With all the bad press about the delays in the court system and disabled workers waiting months and sometimes years for good news, it is wonderful when swift justice is rendered. Only one day after representing our client at his workers’ compensation hearing, we received an official winning decision! This is the fastest written decision Abrams Landau, Ltd. has ever received for any case from any state. The average wait time to receive a written hearing decision from the workers comp judges after trying the case in court is around two months.
Our client’s workplace accident occurred on September 2013. He was driving an extendable crane which can go up to 80-90 feet. After he parked the machine, he climbed out of it but the ladder had loose bolts and swung out underneath him. He fell onto a backhoe and hit his head against steel, resulting in skull laceration and traumatic brain injury (“TBI”). Lawyer Landau also represented him in an October 2015 hearing which proved that our client also incurred a cervical spine injury from the original September 2013 workplace accident.
The December 11, 2017 hearing was for our client’s Claim for Benefits seeking authorization for additional medical benefits recommended by his treating neurologist. Despite having Awards as the result of his prior visits to court, the employer’s workers compensation insurance company was delaying and denying many of the treatment modalities needed to control his continuing headaches, dizziness, double vision, spasms, inflammation, muscle weakness, and other post traumatic brain injury sequelae.

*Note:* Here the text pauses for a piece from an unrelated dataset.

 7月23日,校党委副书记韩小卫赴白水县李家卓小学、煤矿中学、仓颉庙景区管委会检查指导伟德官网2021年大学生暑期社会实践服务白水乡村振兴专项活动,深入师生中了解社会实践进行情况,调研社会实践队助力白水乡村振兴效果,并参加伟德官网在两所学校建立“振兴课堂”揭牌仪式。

The treatments this young injured worker sought included:
- -physical therapy
- -dry needling
- -chiropractic treatment
- -medication and more
More than four years after the incident, our client has to wear sunglasses while indoors because of his continuing symptoms of light sensitivity, dizziness, double vision and headaches. He also wears a Cefaly device at the recommendation of his treating neurologist to treat his migraine headaches.

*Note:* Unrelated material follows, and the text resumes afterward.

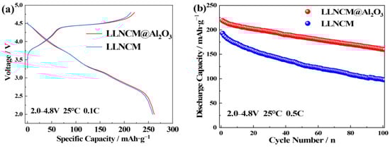 The LLNCM and LLNCM@Al2O3 electrochemical performance were assessed using 2032-type coin cells with metallic lithium foil as the anode. The cathode electrode was fabricated with 80 wt.% cathode material, 10 wt.% acetylene black, and 10 wt.% polyvinylidene difluoride (PVDF) binder on an Al foil. The assembled battery was then assessed for its electrochemical performance in the voltage range of 2.0–4.8 V at 25 °C.

His employer’s insurance company claimed that any continuing treatment for our client’s headache symptoms was not causally related to the workplace accident. The Abrams Landau team and our attorney Doug Landau successfully proved the “3Rs” – that the proposed treatment was: “Reasonable, causally Related and by written Referral.” It also helped that the experienced trial judge had read the file before the parties arrived in the courtroom and understood the issues at stake. For example, even though the insurance company lawyer had three IMEs (Insurance Medical Exams”), the Deputy Commissioner pointed out that they were all more than 3 years old. On the other hand, the medical records and reports from the authorized treating doctor, as well as the chiropractor, supported the need for the requested treatment, medications and therapy.
The hearing decision we received today from Deputy Commissioner Nevin states, “After carefully reviewing all the record evidence, we determine that the claimant has carried his burden of proving the reasonableness, necessity and causal relationship of the claimed medical treatment recommended by [his treating neurologist] to his September 2013 injury by accident.” This young man’s medical bills for the workplace accident will now be paid for by the defense; one less thing for our client to worry about. In addition, he will be repaid his deductible, co-pays and transportation reimbursements for the treatment he did get by paying “out of pocket” or through his family’s health insurance.

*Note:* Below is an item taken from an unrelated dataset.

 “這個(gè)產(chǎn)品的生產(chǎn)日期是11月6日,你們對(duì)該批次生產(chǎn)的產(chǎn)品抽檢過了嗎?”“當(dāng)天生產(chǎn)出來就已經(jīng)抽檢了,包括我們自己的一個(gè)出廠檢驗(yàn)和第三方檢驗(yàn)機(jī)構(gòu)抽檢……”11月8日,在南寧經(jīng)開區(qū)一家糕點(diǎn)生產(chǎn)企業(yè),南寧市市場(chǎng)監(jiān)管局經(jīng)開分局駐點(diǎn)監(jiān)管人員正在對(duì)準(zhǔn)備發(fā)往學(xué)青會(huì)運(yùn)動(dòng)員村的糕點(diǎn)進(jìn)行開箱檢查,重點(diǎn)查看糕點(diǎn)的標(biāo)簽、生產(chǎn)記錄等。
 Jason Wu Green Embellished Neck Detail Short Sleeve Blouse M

We know too well that sometimes that waiting for a Hearing decision or the entry of an Award Order can be the most excruciating part of the whole process, so we hope this gives hope and some encouragement to those who are waiting. If you or someone you know has been injured on-the-job and have questions as to what laws apply or how quickly cases are decided, please give us a call (703-796-9555) or email us at Abrams Landau, Ltd.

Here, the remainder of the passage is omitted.